Discuss the the images and imagery used in the poem "Yellow Light" by Garrett Hongo.

Knowledge of the writer's life is important to understanding his work.  Garrett Hongo's poem, "Yellow Light," published in a book by the same name in 1982, was nominated for a Pulitzer Prize.  Hongo was born in Hawaii although he has lived most of his life in California and Oregon.  He is currently an English professor at the University of Oregon.


The poem "Yellow Light" is written in free verse and follows no particular pattern. Using the third person point of view,  each stanza completes one aspect of the story. The poem is full of descriptive language and comparisons.


The narrator unemotionally observes a woman as she returns from shopping to her apartment.  The strong imagery directs the reader through the streets and the people of the neighborhood. Hongo portrays an ordinary scene in an arresting environment.  The time is early evening in October in Los Angeles.


Coming home from shopping and wearing high heels, the woman steps off a bus and walks up the hill toward her home.  She seems to portray fashionable style but is betrayed by her purse with its frayed handles.  In her other hand, she carries her shopping: fresh spinach, fish, and Swedish bread. 


Her climb takes her past the diverse cultures clustered together.  Schoolboy gangs play war, and Spanish children hopscotch on the sidewalks.  The scents and sounds of the neighborhood just beginning the evening flood through the air.

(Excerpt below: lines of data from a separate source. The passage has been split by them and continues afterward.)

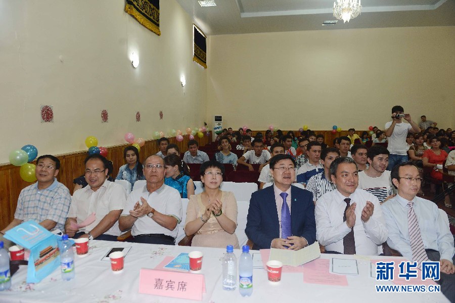 6月9日,烏茲別克斯坦首都塔什干的烏世界語言大學(xué)禮堂活動現(xiàn)場。?
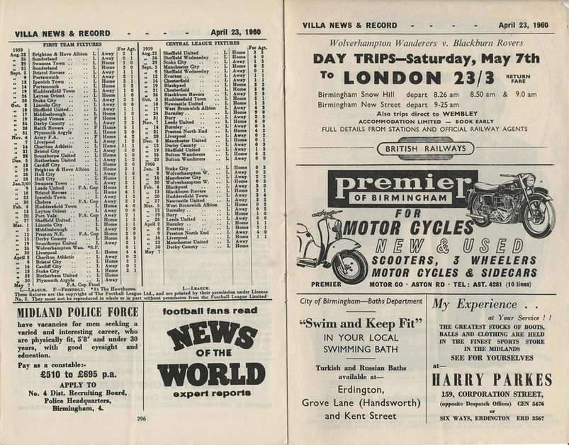 ๐ฉ 23 Apr 1960, Villa 3-0 Rotherham, Villa Park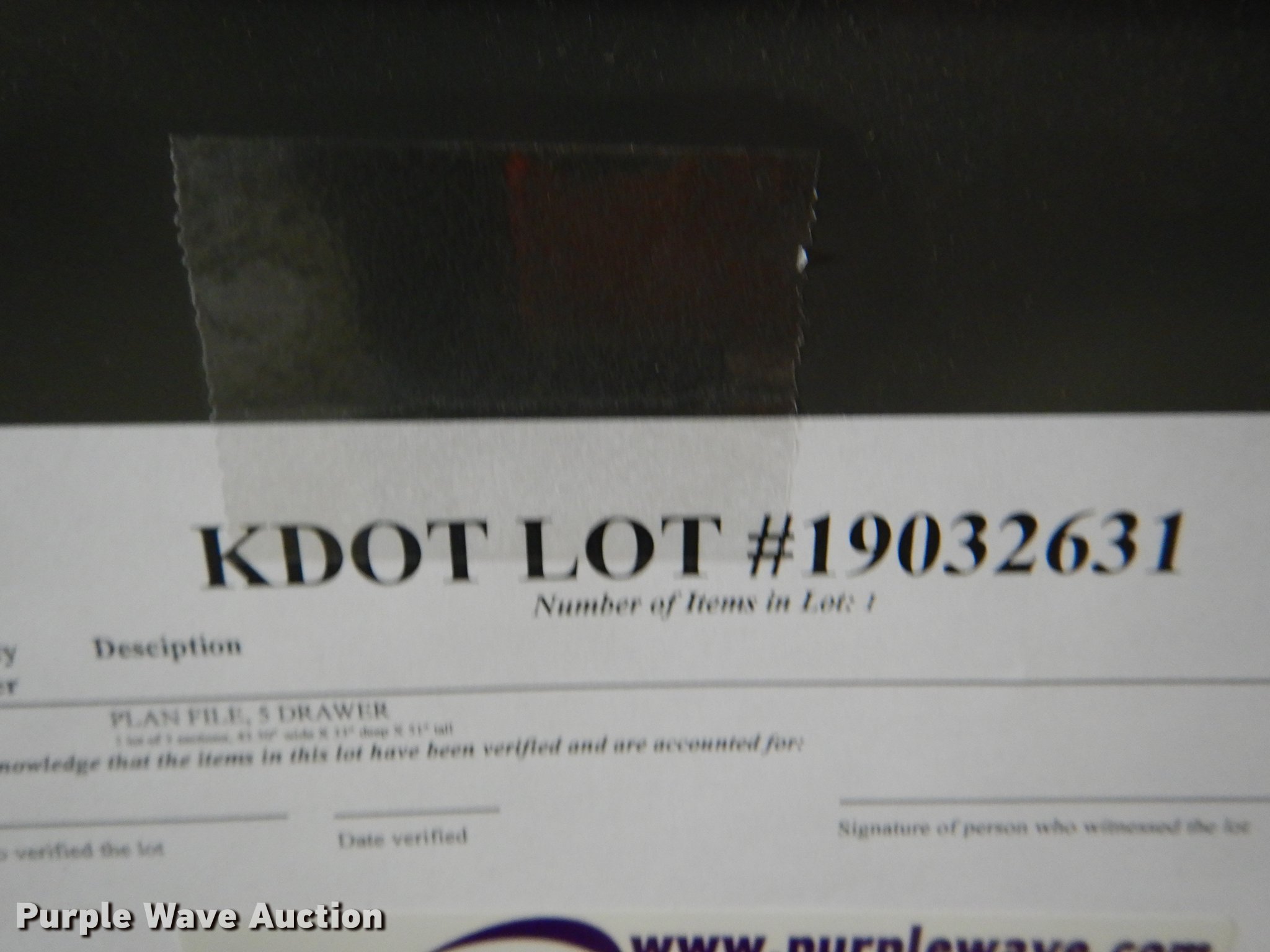 Purple Wave is selling a used Office Supplies and Equip. in Kansas. This item is a (3) five drawer plan file cabinets with the following: 43.5"W x 33"D x 51"H, KDOT ID 19032631

If it were a different time of year, the poet insinuates, the scenery would be altered.  In springtime, beautiful flowers would be blooming,  and the insects fresh from their cocoons might be finding the warmth of the street lights. 



Wisteria shaking out the long tresses of its purple hair


Orange butterflies settling on the lattice



But it is fall, and the images are more harsh, and the scenery more stark.


As the woman climbs the flight of stairs to her apartment, the scene becomes more personal: the sounds of her heels as she walks; her movements as she places her groceries on the floor; and  the rummaging through her purse to find the keys.  The last impression finds the moon shining through a bush into the window thus covering everything like the smell of yellow onions.


Using several metaphors and similes to convey his scene, the poet's descriptions place the reader into the barrio as the woman passes through it.



Los Angeles seethes like a billboard under twilight


...a brilliant fluorescence breaks out and makes without the dim squares


The spikes of her high heels clicking like the kitchen knives on a cutting board.



Each comparison suggests beauty but realism in the same expression.


The woman seems to ignore her surroundings because she is neither distracted nor involved.  Her focus is on the purpose clearly before her.  Tired from work and yet used to the long journey home, she shows no emotion as she travels through the neighborhood filled with a multiplicity of life's activities.  She like, her environment, is swallowed by the yellow light.